MATERIAL FOR THIS TASK -

^^^^^^^^^^^^^^^^

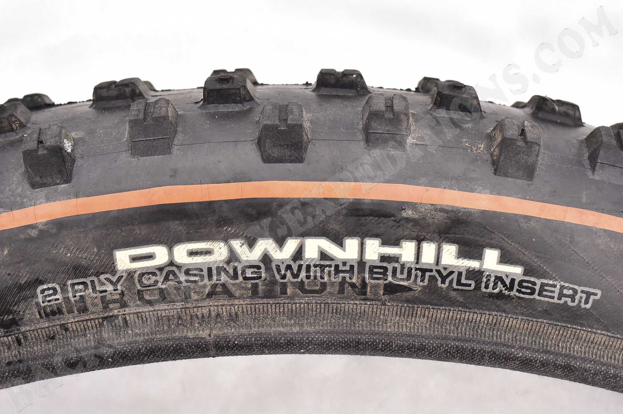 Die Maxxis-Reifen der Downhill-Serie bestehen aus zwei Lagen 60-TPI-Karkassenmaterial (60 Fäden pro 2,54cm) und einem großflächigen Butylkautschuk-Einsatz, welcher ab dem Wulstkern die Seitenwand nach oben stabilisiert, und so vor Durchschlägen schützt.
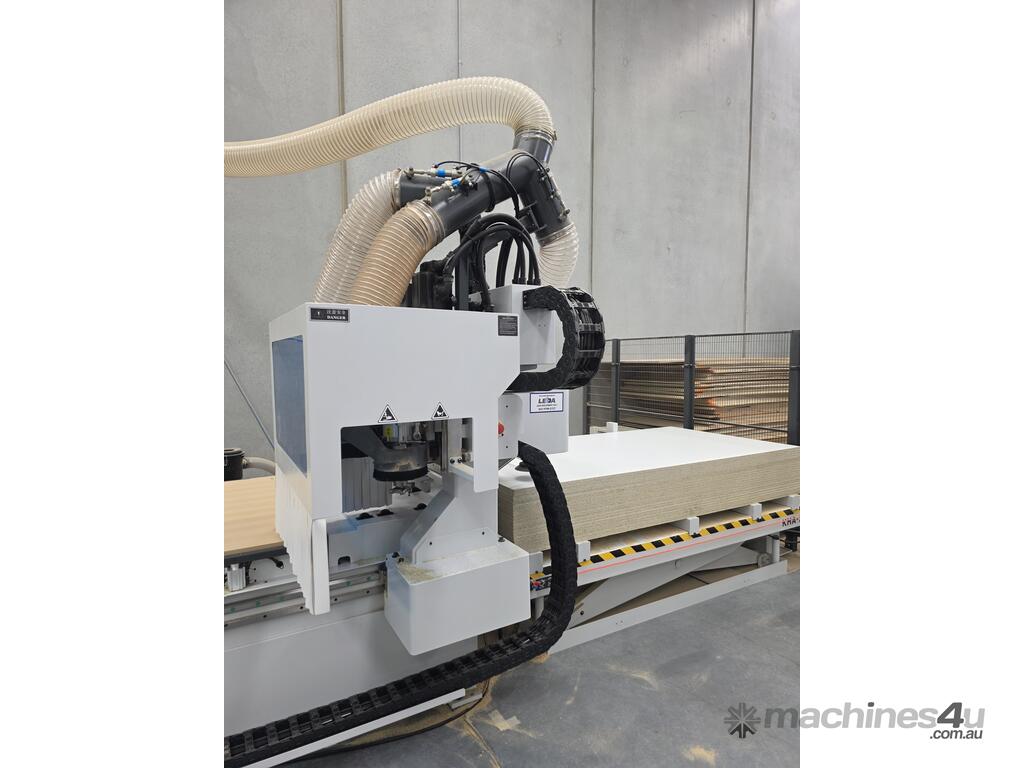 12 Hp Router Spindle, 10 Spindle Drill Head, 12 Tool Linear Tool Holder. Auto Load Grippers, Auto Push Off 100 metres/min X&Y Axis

^^^^^^^^^^^^^^^^

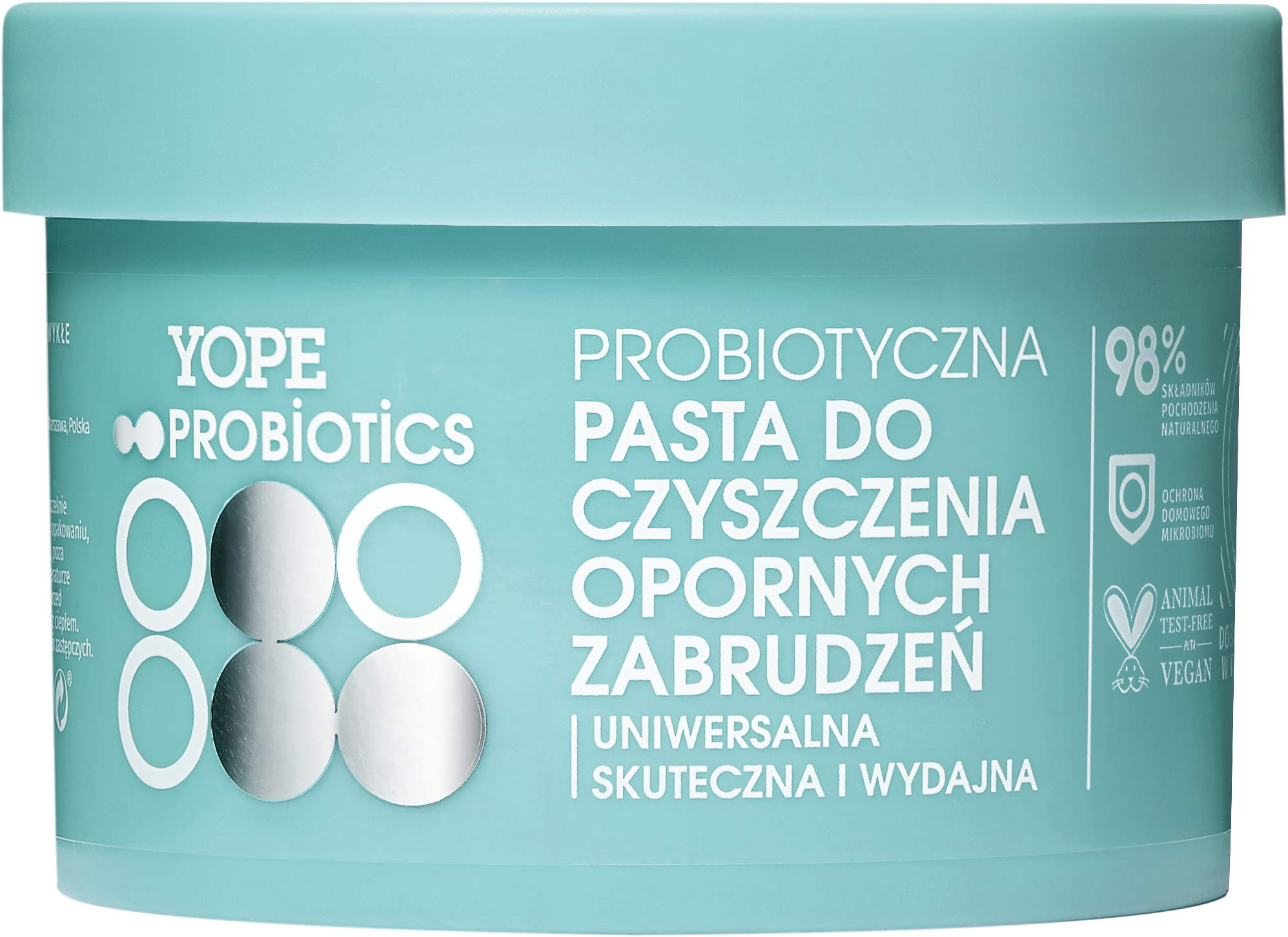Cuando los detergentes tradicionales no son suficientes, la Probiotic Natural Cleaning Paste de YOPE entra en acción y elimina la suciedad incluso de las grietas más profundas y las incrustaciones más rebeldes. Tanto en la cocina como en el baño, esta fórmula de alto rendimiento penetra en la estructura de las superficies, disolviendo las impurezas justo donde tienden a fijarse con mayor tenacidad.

^^^^^^^^^^^^^^^^

From the records above, give again only the part that opens with the line containing "Die Maxxis-Reifen der" and closes with the line containing "12 Hp Router". Keep both ends but drop the pictures.

ANSWER BOX -
 Die Maxxis-Reifen der Downhill-Serie bestehen aus zwei Lagen 60-TPI-Karkassenmaterial (60 Fäden pro 2,54cm) und einem großflächigen Butylkautschuk-Einsatz, welcher ab dem Wulstkern die Seitenwand nach oben stabilisiert, und so vor Durchschlägen schützt.
 12 Hp Router Spindle, 10 Spindle Drill Head, 12 Tool Linear Tool Holder. Auto Load Grippers, Auto Push Off 100 metres/min X&Y Axis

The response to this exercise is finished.